> _Required work_
The answer must be an exact transcription of the lines below from the first through the one containing "Tendance élégant noir", with the pictures left out; please add nothing else.

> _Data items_

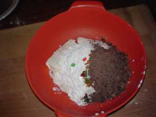 Mescoliamo alla ricotta i canditi, con lo zucchero a velo e con il cioccolato ridotto in scaglie o tritato.
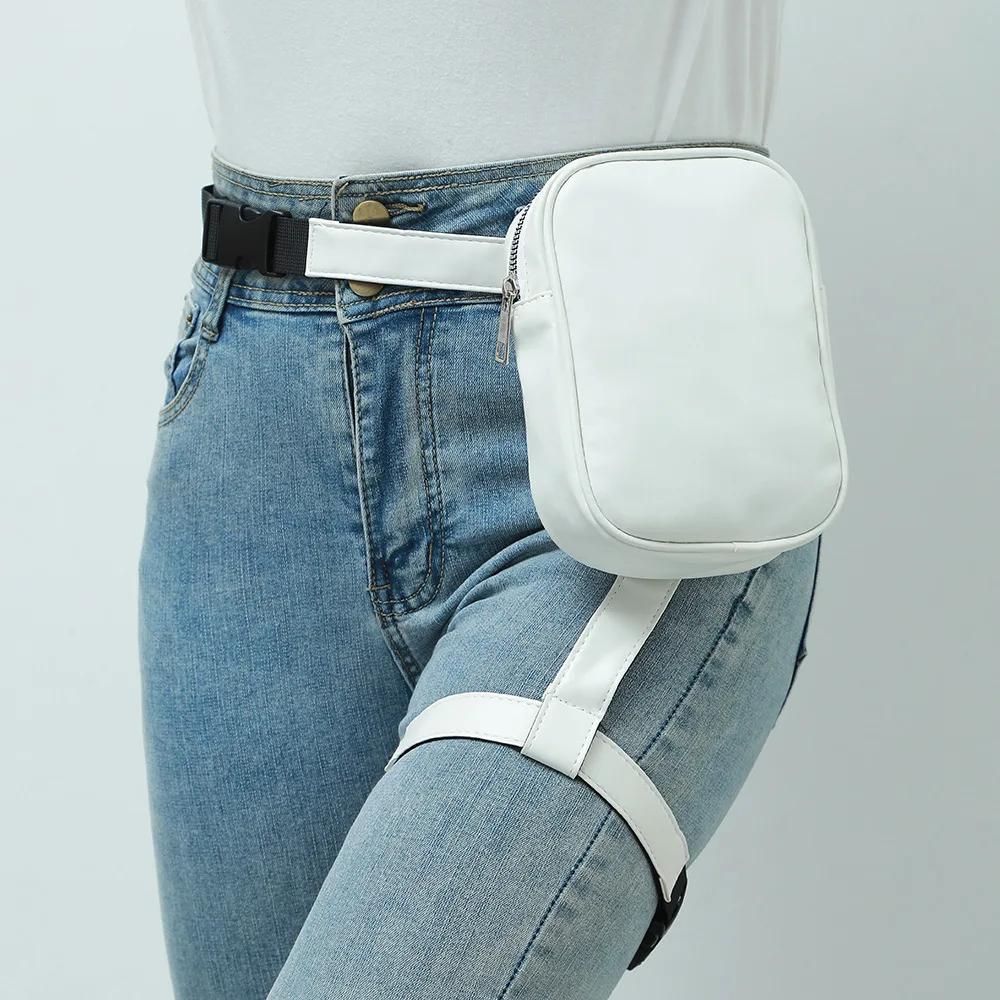 Tendance élégant noir femmes taille jambe ceinture en cuir Cool fille sac Fanny Pack pour randonnée en plein air moto Сумка Muж...... jambe sac |
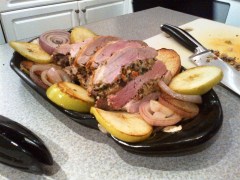on saturday, i went for a light afternoon run. on saturday evening, our good friends steph & brendan came over and I made them dinner. we had pork tenderloin roast with roasted vegetables. steph was in charge of dessert and brought some delicious pastries from her favorite bakery in canmore. i enjoyed a slice of napoleon (sp?), which was layers of flaky pastry and cream, topped off with a sweet icing. mmmm.
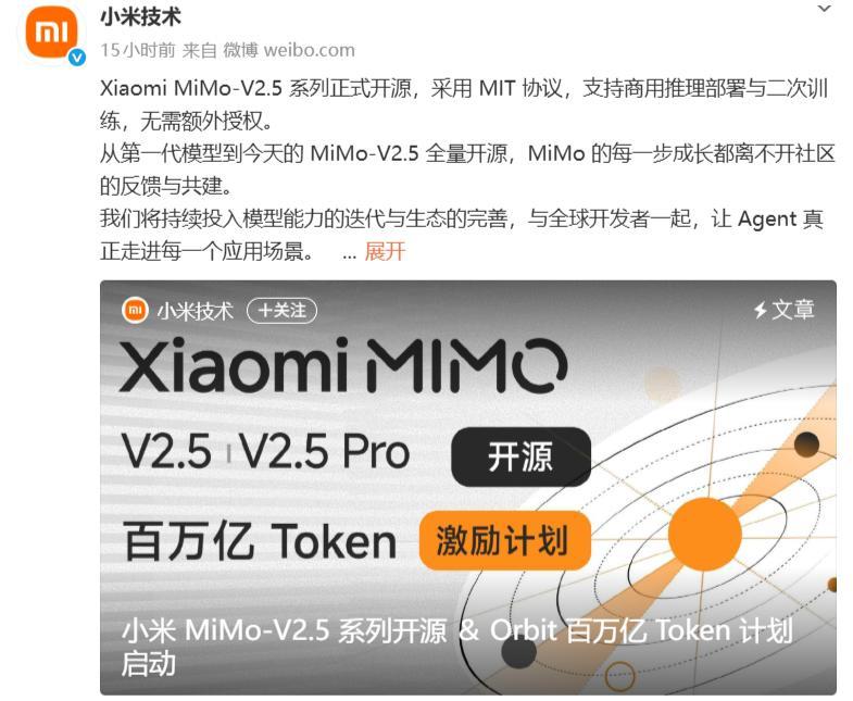 据徽声在线科技频道最新报道,4月28日小米技术官方微博正式发布重磅消息:即日起启动总规模达百万亿Token的生态赋能计划,将在未来30天内通过申请制向特定群体免费发放100万亿Token权益。与此同时,小米宣布与OpenCode、Hermes Agent、KiloCode等国际知名Agent框架厂商达成战略合作,共同推进Agent生态体系建设。
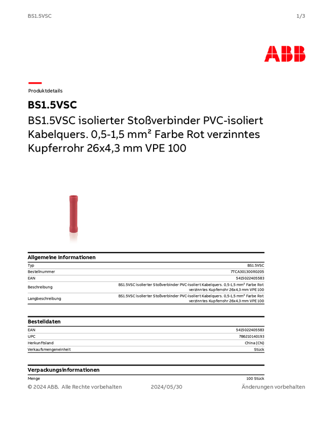 ABB 7TCA301300R0205 Złącze doczołowe BS1.5VSC, 1 szt.
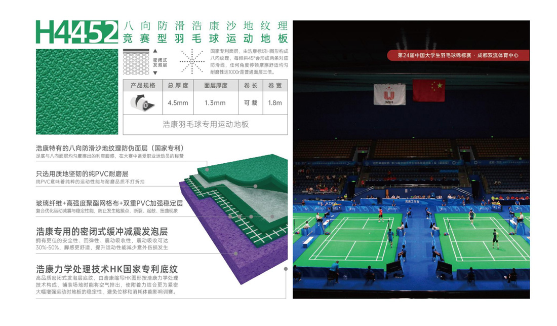 ⒊ 玻璃纖維加強(qiáng)層起到穩(wěn)定場地尺寸、延長使用壽命的作用,使地板永不收縮,性能更加穩(wěn)定,使運(yùn)動(dòng)員發(fā)揮出更好水平。

> _Response_
 Mescoliamo alla ricotta i canditi, con lo zucchero a velo e con il cioccolato ridotto in scaglie o tritato.
 Tendance élégant noir femmes taille jambe ceinture en cuir Cool fille sac Fanny Pack pour randonnée en plein air moto Сумка Muж...... jambe sac |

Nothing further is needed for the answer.